当时的我总是低着头,不爱和人说话,常常无所事事的到处搞点小破坏,所以被老师推荐去参加志愿活动。没想到,人生第一次的参与将我带到了一个新的领域,我竟然爱上了公益,甚至还在心里埋下了一颗要一辈子去做的理想萌芽。从那以后我开始专心为自己的理想事业努力,活跃在各种志愿者协会、公益社团中。

正当我满怀热情地前行的时候,一次备受挫折的志愿活动让我失望到几近放弃。

那时我们为一所民工子弟学校的孩子带去书籍和礼品,并想要通过英语教学的课程让他们感受知识的魅力,引导他们建立用知识改变人生的学习态度。就在教学计划实施的过程中,一个小女孩不耐烦地对我说:“哥哥,你直接把礼物给我吧!你们来不就是为了送我们礼物吗?”

我从未预想到自己提供的帮助竟然这样不被需要,理想变成不被认可的负担,这让我觉得糟糕透了!

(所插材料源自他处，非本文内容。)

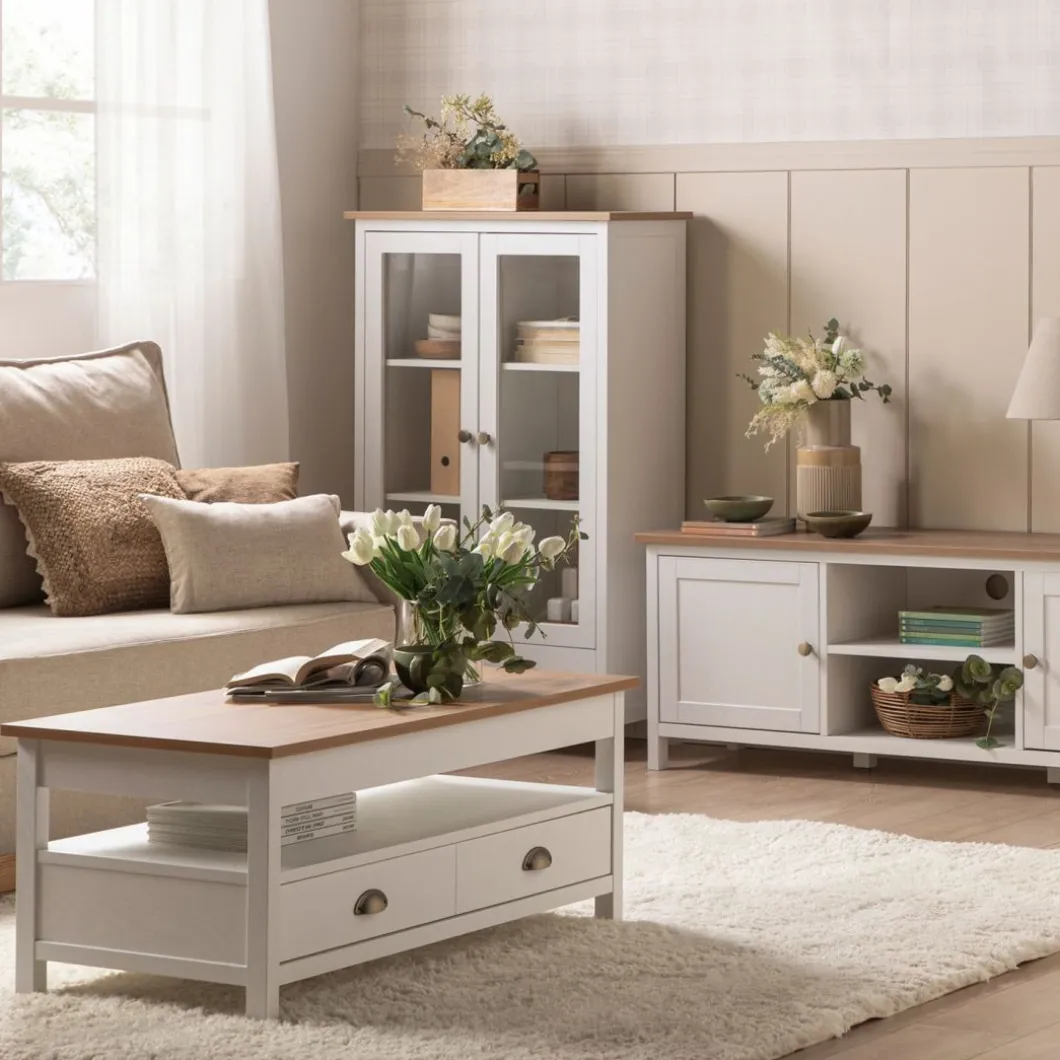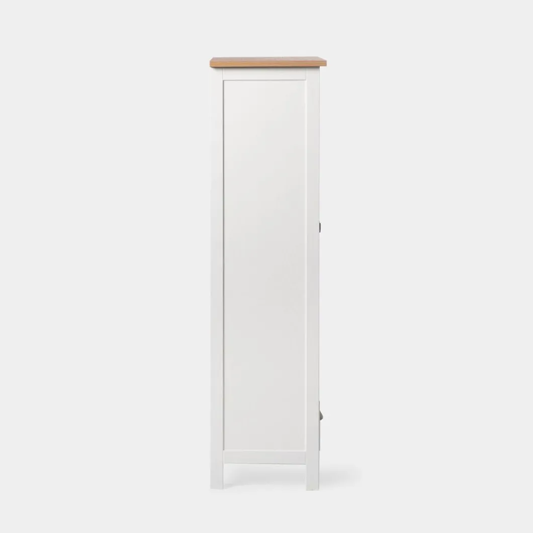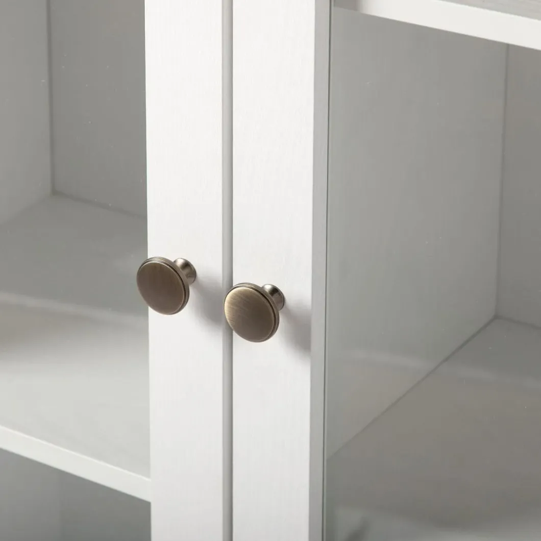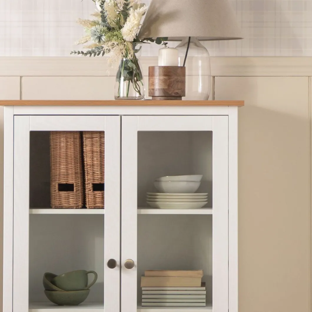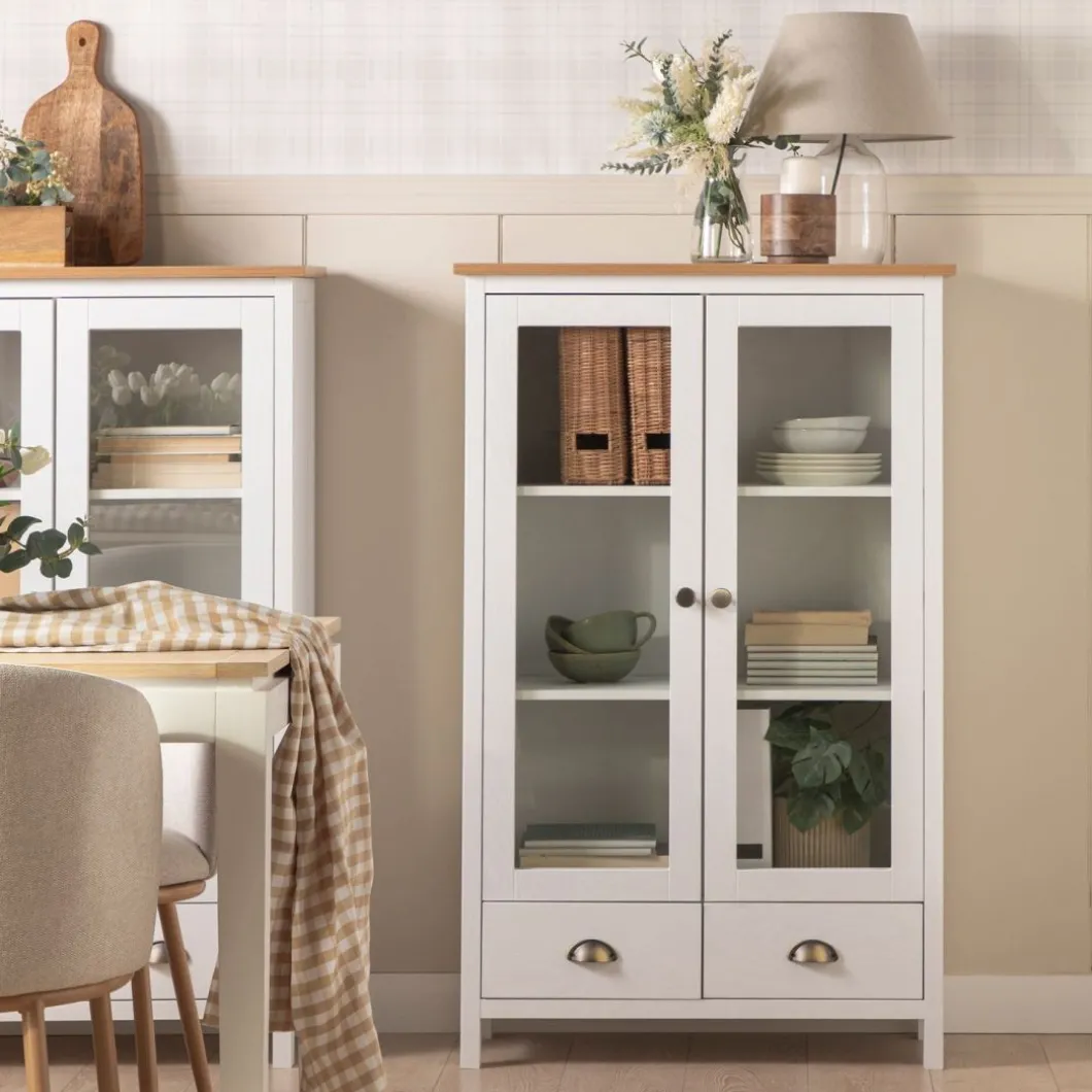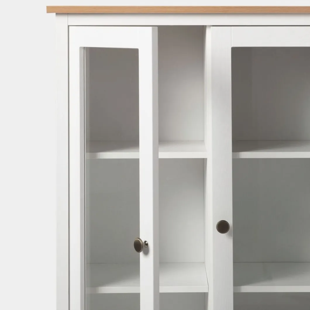 La vitrina estrecha blanca Marais es un clásico que encaja a la perfección en cualquier estilo decorativo. Cuenta con dos amplias puertas acristaladas en las que podrás exponer tu mejor vajilla. Además, también cuenta con un cajón inferior en el que podrás almacenar aquello que no quieras que esté a la vista. Este cajón cuenta con un sistema de cierre con retención que evita que se den golpes al cerrarse e impide la apertura involuntaria. Para mayor estabilidad del mueble, aconsejamos su anclaje a la pared.
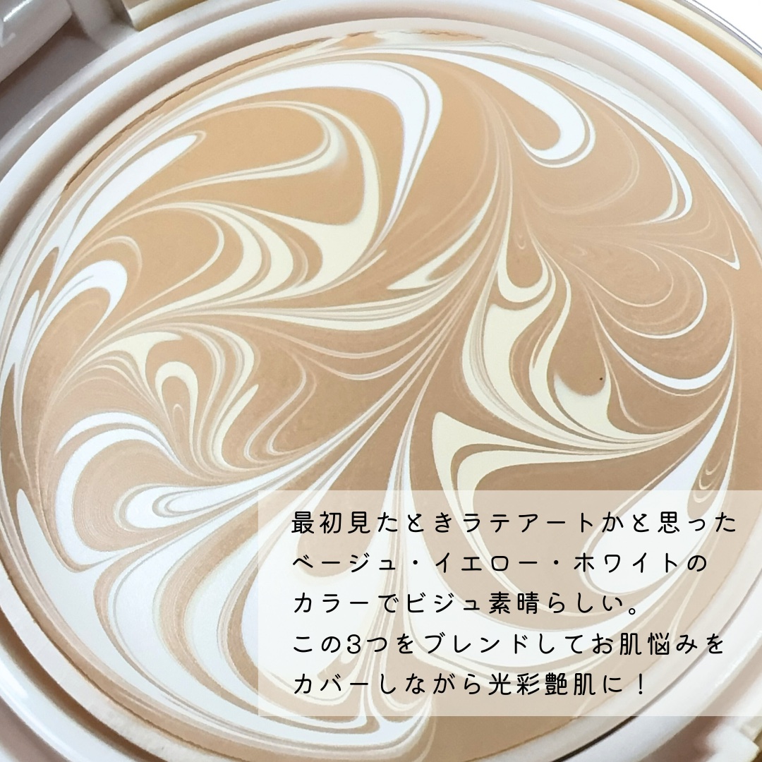- ●美容保湿成分90.7%ビタミンC誘導体配合* 美容液を配合したなめらかなつけ心地 ●3色のラテアートの絶妙な色合い こだわりの色合いで、悩みをカバーしながら光彩ツヤ肌を演出 *3ーOーエチルアスコルビン酸(製品の抗酸化剤 )

而我的沮丧,让我开始疑惑:我一直想要通过自己的力量去帮助别人,但对于他们来说,这些帮助是真的被需要吗?或者说,是否存在有一种更好的方法给予他们帮助?

可惜的是,即使我反反复复地尝试与寻找,也依旧得不出任何让自己满意的答案。我停滞不前,有了放弃所谓“理想”的念头。

直到大三,因为在伦敦留学的机会,让我能够进入玛莎百货的CSR部门进行实习。作为同时学习工商管理与人类学的我来说,是听说过“企业社会责任”这样的概念。但我并不觉得它与之前自己经历过的帮助企业进行公益活动的事例有什么差别。只有在我真正走进这家英国最大的跨国商业零售企业时,才发现它还真有点不同。

不,应该说是很大的不同。

在那里,员工从来不会被要求去说服顾客他所挑选的衣物是如何穿即显瘦,也不会在休渔期去大力促销非应季的生鲜产品。但这些员工却很愿意去和顾客分享产品背后所蕴藏的那一条可持续的绿色生产链,告诉他们,这条生产链正在改变着企业的运营模式,正在帮助着企业的周边社区。它已经开始让企业为保护环境做出努力,为减少碳排放贡献力量。此外,玛莎百货还会主动招募伦敦大街上的流浪汉,为他们提供3个月的免费技能培训。优秀的学习者,将会被正式录用,继续工作。相处中我发觉,这些被留下的流浪汉员工始终认真勤奋,即使我不愿承认,但我真的有被威胁的感觉。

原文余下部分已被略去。